Analytics in Big Data- Basic Concepts

Analytics is a very crucial part of any big data analytics project. Analytics in Big Data refers to the collection, analysis, and organizing large datasets to gather important information. As in a complete dataset, the data may be available in structured, semi-structured, and unstructured formats, it becomes difficult for organizations to perform analysis. So, for effective implementation of analytics of data, various advanced tools are required.

Reporting – Analytics in Big Data

 A report is created from reporting which is the process of organizing and summarizing in a ready format. It can help organizations with performance measurement and improve profitability or customer satisfaction in organization. Data analysis is the process of getting insights from the reports. Sometimes various reports may not provide the full insights for a particular role in a company. In this case, the relevance of the report will matter and not the quantity.

 Steps of Analytics in Big Data

Analytics in Big Data- Steps

 Business understanding and deduction

This step involves the identification and understanding of the business objectives. It deals with problems and identifies their solutions. It caters to increasing the profitability of a business. According to the deduced goals, a plan is devised to execute the analytical operations.

Data Collection

Data Collection refers to the process of collecting data to execute a plan from the 1st step. Data from various sources is collected and described as per the needs of the big data project.

Data Preparation

In this step, unwanted data is removed from the complete data to prepare it for the next step.

Data Modeling

Data modeling deals with the creation of a data model to analyze the data relationships among different objects present in the dataset.

Data Evaluation

Data Evaluation is the process of evaluating the results obtained from the test cases. Errors are also reviewed in this stage.

Deployment

The data analytics plan is deployed for development. Maintenance and frequent error checks are also a part of this stage.

 For analytics to be performed on big data, some questions need to be answered so that positive effects can be implemented onto a business.

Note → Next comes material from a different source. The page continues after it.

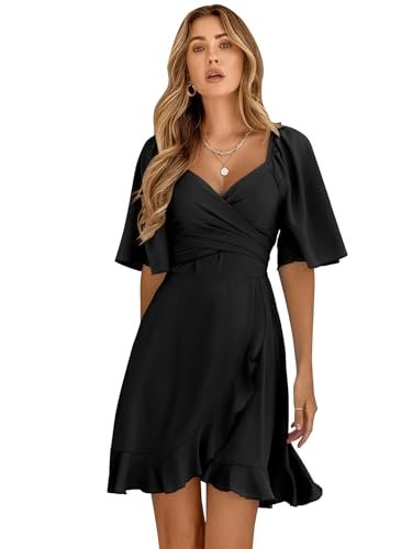 GRECERELLE Dam kortärmad gunga vardaglig klänning dam sommarklänningar A Line solklänning, Aprikos, M

The problem for any data analytics problem must be carefully framed and understood to solve it successfully. It starts with understanding the data correctly and then create a great plan for analysis.

Types of Analytics in Big Data

 Prescriptive

It is used to find the best course of action for a particular situation.

Predictive

In this type of analytics, future-based events are predicted using patterns derived from past results. For example Stock prediction.

Diagnostic

Used to determine what has happened in the past. For example Social media insights

Descriptive

It deals with determining the decision-making process in real-time. For example customer satisfaction reports and classification.

 How to be an analyst for Big Data?

 Many companies are looking for data analysts for the growth of their businesses around the globe. Being a data analyst can be challenging, but with the correct skills and courses, one can easily become a data analyst for any company in the globe. The incorporation of risk management in big data analytics is very useful for any company.